• [Directions for this task]: Look through the data below and extract, unchanged, the lines from the one that contains "保護者の皆様には、入学にあた" to the one that contains "Saint Clair Vicar’s", both included.

• [Supplied records]:
◇ ◇ ◇ ◇
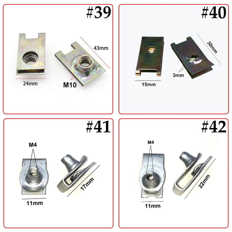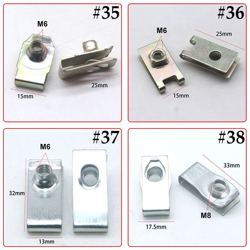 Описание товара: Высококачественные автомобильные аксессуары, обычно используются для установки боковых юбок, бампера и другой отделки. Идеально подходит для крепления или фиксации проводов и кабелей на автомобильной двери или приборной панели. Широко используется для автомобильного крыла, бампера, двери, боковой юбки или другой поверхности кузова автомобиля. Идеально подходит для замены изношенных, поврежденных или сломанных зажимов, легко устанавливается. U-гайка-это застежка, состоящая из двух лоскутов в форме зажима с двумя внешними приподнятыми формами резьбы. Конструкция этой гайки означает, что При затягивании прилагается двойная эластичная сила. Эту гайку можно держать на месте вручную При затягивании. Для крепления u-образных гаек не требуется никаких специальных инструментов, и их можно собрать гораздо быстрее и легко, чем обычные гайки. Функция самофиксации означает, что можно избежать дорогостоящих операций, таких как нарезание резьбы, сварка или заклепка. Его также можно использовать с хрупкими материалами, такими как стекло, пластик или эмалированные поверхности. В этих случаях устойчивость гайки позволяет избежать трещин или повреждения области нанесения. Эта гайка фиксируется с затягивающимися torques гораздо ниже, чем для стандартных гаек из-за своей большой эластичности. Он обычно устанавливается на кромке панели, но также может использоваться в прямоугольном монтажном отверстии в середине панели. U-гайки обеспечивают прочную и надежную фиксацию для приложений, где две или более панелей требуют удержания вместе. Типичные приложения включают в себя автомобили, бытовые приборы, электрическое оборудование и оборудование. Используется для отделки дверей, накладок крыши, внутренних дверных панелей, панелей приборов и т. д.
◇ ◇ ◇ ◇
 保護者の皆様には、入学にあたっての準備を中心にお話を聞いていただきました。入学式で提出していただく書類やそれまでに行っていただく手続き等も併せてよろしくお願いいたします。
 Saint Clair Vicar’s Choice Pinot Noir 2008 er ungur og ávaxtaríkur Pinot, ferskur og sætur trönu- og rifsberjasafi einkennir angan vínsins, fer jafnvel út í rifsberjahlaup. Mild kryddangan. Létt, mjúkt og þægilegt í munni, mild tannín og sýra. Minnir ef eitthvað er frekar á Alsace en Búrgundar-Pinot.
◇ ◇ ◇ ◇
• [Exercise output]:
 保護者の皆様には、入学にあたっての準備を中心にお話を聞いていただきました。入学式で提出していただく書類やそれまでに行っていただく手続き等も併せてよろしくお願いいたします。
 Saint Clair Vicar’s Choice Pinot Noir 2008 er ungur og ávaxtaríkur Pinot, ferskur og sætur trönu- og rifsberjasafi einkennir angan vínsins, fer jafnvel út í rifsberjahlaup. Mild kryddangan. Létt, mjúkt og þægilegt í munni, mild tannín og sýra. Minnir ef eitthvað er frekar á Alsace en Búrgundar-Pinot.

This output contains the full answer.